Ported vs Manifold vacumns appear to work Somewhat opposite of each other, correct? 

I’m seeing about 18”-20” of steady vacumn at idle on the gauge inside which would appear normal , but shouldn’t there also be 0” Vacumn going to the Dist at idle so as to not operate the Advance? Or do I want Full 18” manifold idle vacumn going directly to the Distributer when idleing? 
Seems I read there’s confusion with others often hooking up Their distributors to a manifold vacumn or a ported One, any advice if The Vacumn hookup is correct would be helpful, thx


----------



## GTOJUNIOR (Aug 7, 2011)

Factory shows Ported off Carb Base. 
So it sounds like you're in a good location.

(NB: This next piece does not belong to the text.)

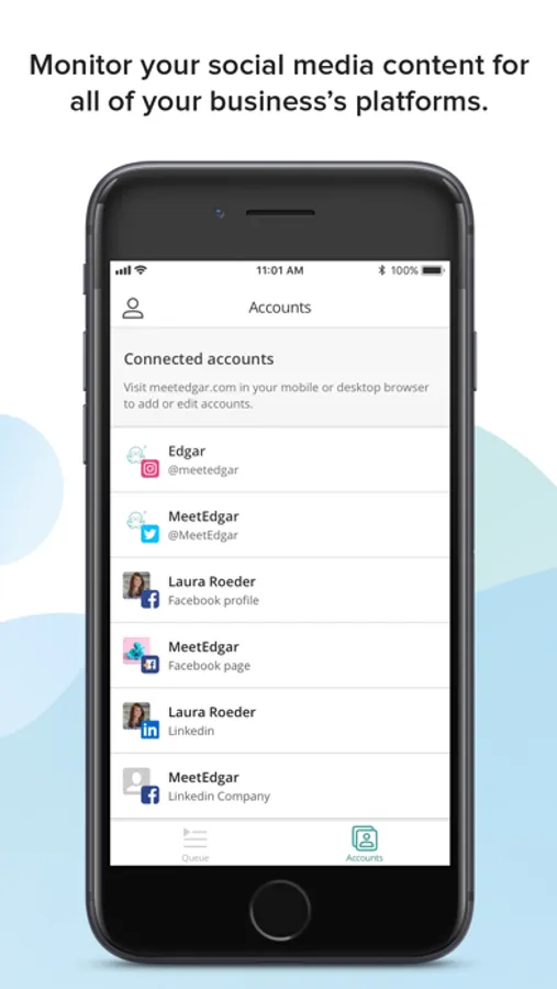 The Edgar social media web application provides a unique way of scheduling and organizing content into categories to automate publishing. With our automation features, your business's content will post even when you get to the end of your content queue. With the Edgar mobile app, it’s easier than ever for businesses to view their social media content on the go!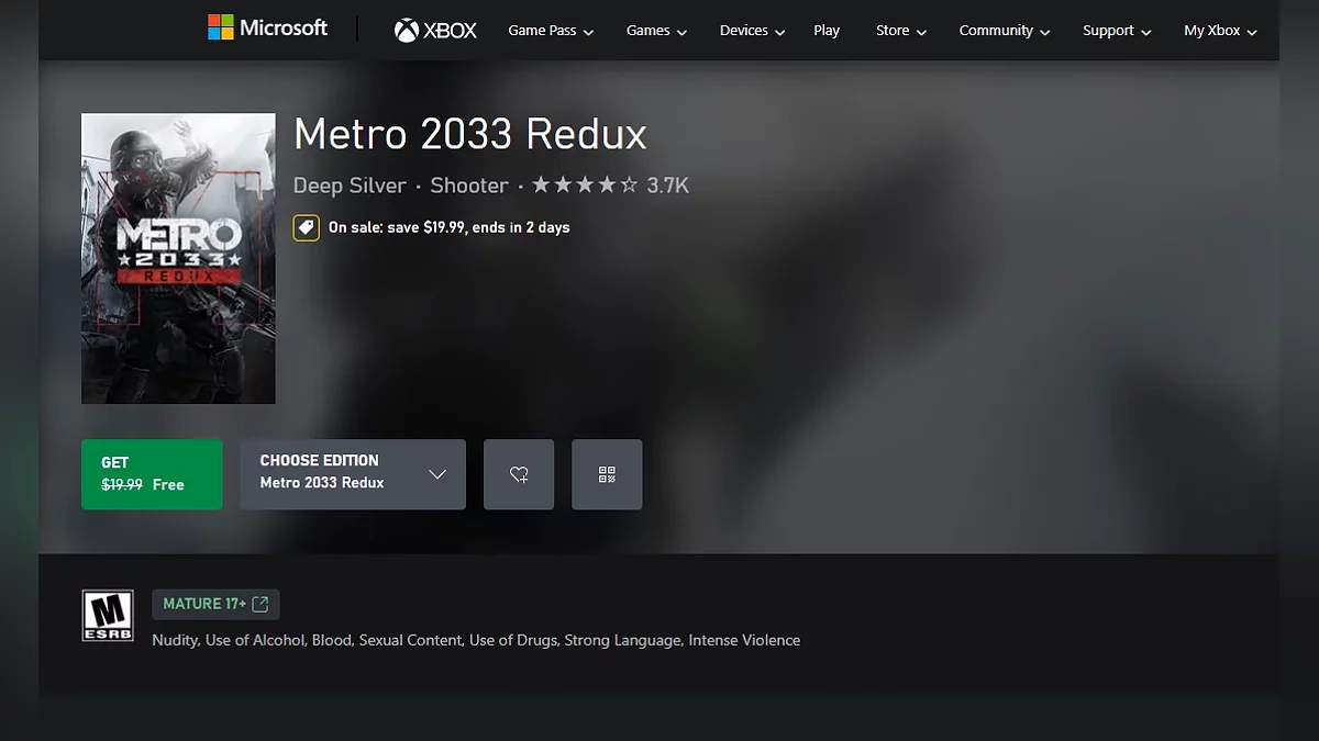 Спустя полтора месяца разработчики из 4A Games решили бесплатно раздать Metro 2033 Redux для пользователей Xbox. Акция доступна для владельцев консолей Xbox One и Xbox Series X/S.

On my '66 I chose to "T" off the existing hose from the man to my AC controls, this hose also is used to control the Idle "Speed-Up" Switch for my AC.
The gauge has functioned perfectly now for years.


----------



## O52 (Jan 27, 2019)

Your vacuum gauge is connected correctly. It should have full manifold vacuum at the carb base or directly from the manifold. 
Depending on the engine and year of manufacture, the distributor could have ported or full manifold vacuum. Most but not all pre-smog vehicles run manifold vacuum to the distributor. Factory timing takes this into account and normally requires that you disconnect and plug the vacuum line to the distributor when setting timing. As more and more smog equipment were added to the engines, manufacturers required ported vacuum for emission control. 
Ported vacuum is vacuum ( or lack of) above the throttle plates. Once the throttle is opened there is virtually no difference between the two.


----------



## Jetzster (Jan 18, 2020)

Thx Junior & O52, glad to know it’s correct,
and I dont have to change anything, just need now to learn the tricks on deciphering vac needle movements,
I Teed a “motor-minder” Greenline vacumn gauge under-dash to compare alongside the OEM vacumn gauge to check its accuracy, and they both do track each other almost identical, just the newer Greenline is understandably faster. Seems a lot can be gleaned from vacumn gauges when one knows how to really understand them...


----------



## PontiacJim (Dec 29, 2012)

Jetzster said:


> Thx Junior & O52, glad to know it’s correct,
> and I dont have to change anything, just need now to learn the tricks on deciphering
> the needle movements,
> I “Teed” a “motor-minder” Greenline vacumn gauge under-dash to compare alongside the OEM vacumn gauge to check its accuracy, and they both do track each other almost identical, just the newer Greenline is a tad faster.
> ...



All you need to understand is that if that needle doesn't spend most of its time at "0", then you are not using the car correctly.


----------



## O52 (Jan 27, 2019)

LOL Jim


----------



## Old Man Taylor (May 9, 2011)

By the way, there's no ported vacuum on a '64 tri-power GTO. The California cars had it on the '66 tri-power. It comes out of the middle of the center carburetor.


----------



## Jetzster (Jan 18, 2020)

Thx, Roger that, OMT, one great lookin ‘64 btw!


----------